Functional Brands Inc. disclosed that BullionFX terminated their Asset Purchase Agreement effective June 29, 2026. As a result, Functional Brands will not acquire the Alchemy gold-backed blockchain settlement platform or issue the related Series D Convertible Preferred Stock.

What acquisition was Functional Brands Inc. (MEHA) planning with BullionFX?

Functional Brands planned to acquire certain BullionFX assets, including the Alchemy gold-backed blockchain settlement platform. In exchange, Functional Brands had agreed to issue 100,000 shares of its Series D Convertible Preferred Stock under an Asset Purchase Agreement dated May 22, 2026.

Why will Functional Brands Inc. (MEHA) not acquire the Alchemy platform?

The Alchemy acquisition will not occur because BullionFX elected to terminate the Asset Purchase Agreement. With the agreement terminated effective June 29, 2026, none of the contemplated asset transfers or share issuances will be completed.

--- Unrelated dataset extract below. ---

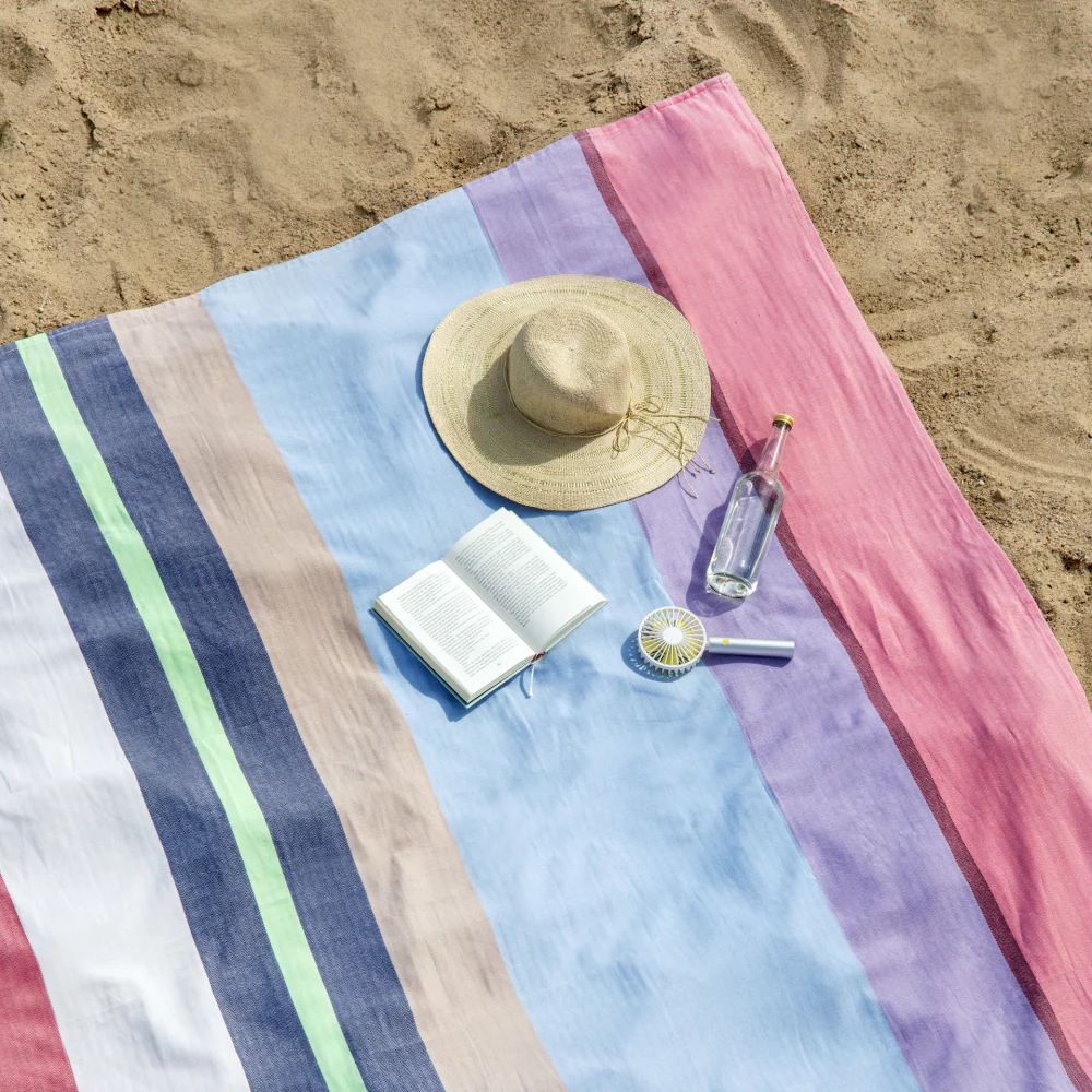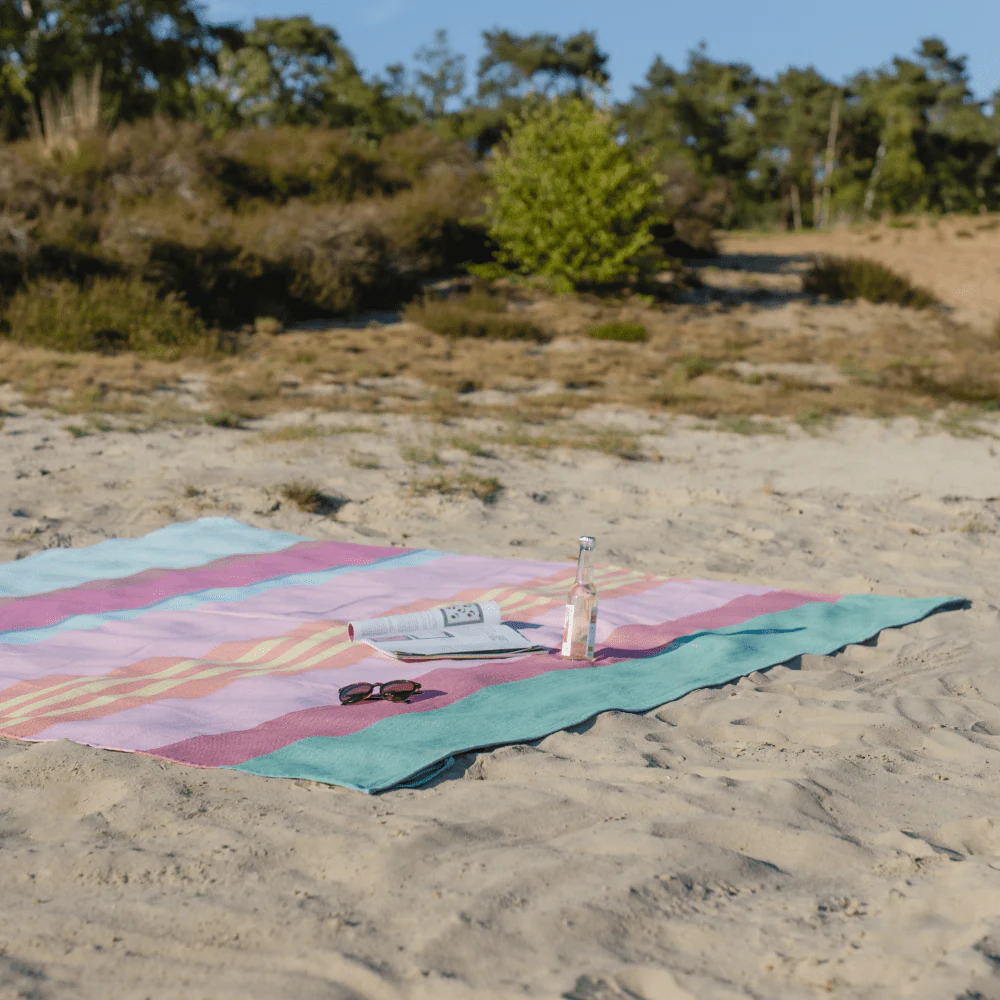 Geniet van ontspannen zomerse dagen met ons XXL strandlaken, ideaal voor gezellige uurtjes met vrienden op het strand of in het park. Dit grote strandlaken is gemaakt van lichte katoenen stof, die gemakkelijk op te rollen is en perfect past in je strandtas of fietsmand.

What consideration was Functional Brands Inc. (MEHA) going to pay for the BullionFX assets?

Functional Brands had agreed to issue 100,000 shares of its Series D Convertible Preferred Stock as consideration. These shares were to be exchanged for certain BullionFX assets, including the Alchemy gold-backed blockchain settlement platform, before BullionFX terminated the agreement.

When was the Asset Purchase Agreement between Functional Brands Inc. (MEHA) and BullionFX signed and terminated?

The Asset Purchase Agreement was entered into on May 22, 2026, between Functional Brands and BullionFX. BullionFX later elected to terminate this agreement, and the termination became effective on June 29, 2026, stopping the planned transaction.